Monday, April 09, 2012

A Well-Deserved Swat

No, Governor, you don't get to force daycare providers to unionize:


A Ramsey County judge ruled Friday that Gov. Mark Dayton exceeded his authority in ordering a union election for certain in-home child-care providers. 
Judge Dale Lindman declared Dayton's order, issued Nov. 15, "null and void because it is an unconstitutional usurpation of the Legislature's constitutional right to create and or amend laws and as such is a violation of the Separation of Powers doctrine."

So what should Dayton have done?


Lindman's order ruled that the elections ordered by Dayton cannot occur.

"The proper method to proceed is for the matter to be brought to the Legislature," Lindman's order reads. He argued that Dayton's order is an attempt "to circumvent the Legislative process and unionize child care providers by executive order, rather than by adhering to a valid Legislative process."

Since the lege would never agree to this, Dayton needed to do something to pay off his union pals. That's politics, but there was a larger implication to what Dayton was attempting, as Ed Morrissey points out:

Dayton attempted to bypass the state legislature in this effort by declaring through executive order that day-care centers that indirectly receive state aid through their clients are in effect public-sector workplaces — a definition not found in law or in legislative intent. 

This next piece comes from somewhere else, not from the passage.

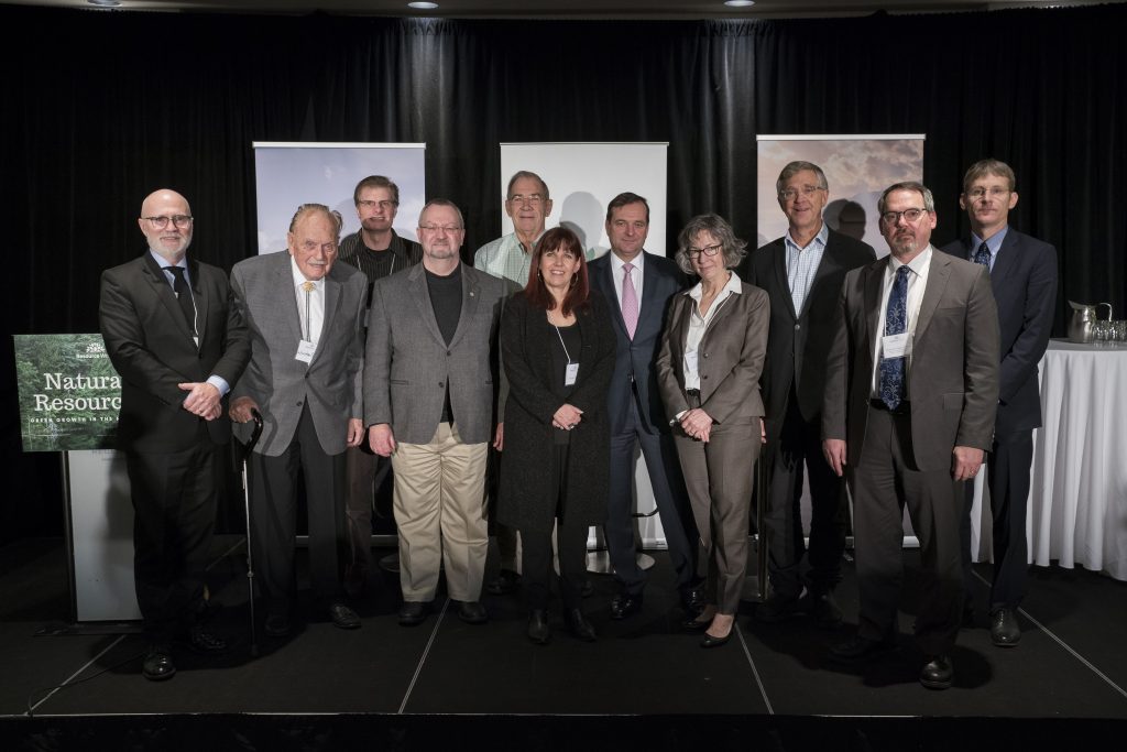 Members of the Resource Works board and advisory council on the podium with panellists for the event.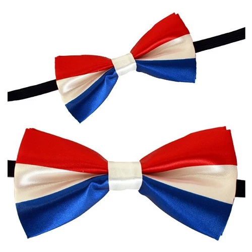 Mooi satijnen strikje met de kleuren van de Nederlandse vlag. Het bandje is verstelbaar, dus hij is altijd passend te maken.

And what would that mean? Morrissey:

[H]ad Dayton succeeded in his imposition of public-worker status, the precedent established would have been so broad as to threaten the very notion of a private-sector workforce altogether.  Where would the limits have been?  Fast-food restaurants that take food-stamp debit cards?  Medical care facilities that accept Medicaid patients? Just as in ObamaCare at the federal level, it would be difficult if not impossible to find a limitation of power in that kind of precedent.
Which is the idea, of course. We all owe Judge Lindman thanks.



1 comment:

Brad Carlson said...

When Dayton was voted Time magazine's worst Senator in 2006, one of the many criticisms was how he "confounded his colleagues by complaining about basic facts of the job, such as his limited power in a chamber where authority derives from seniority."

Clearly he was sick the day his HS government class discussed that whole "check and balance" thingy.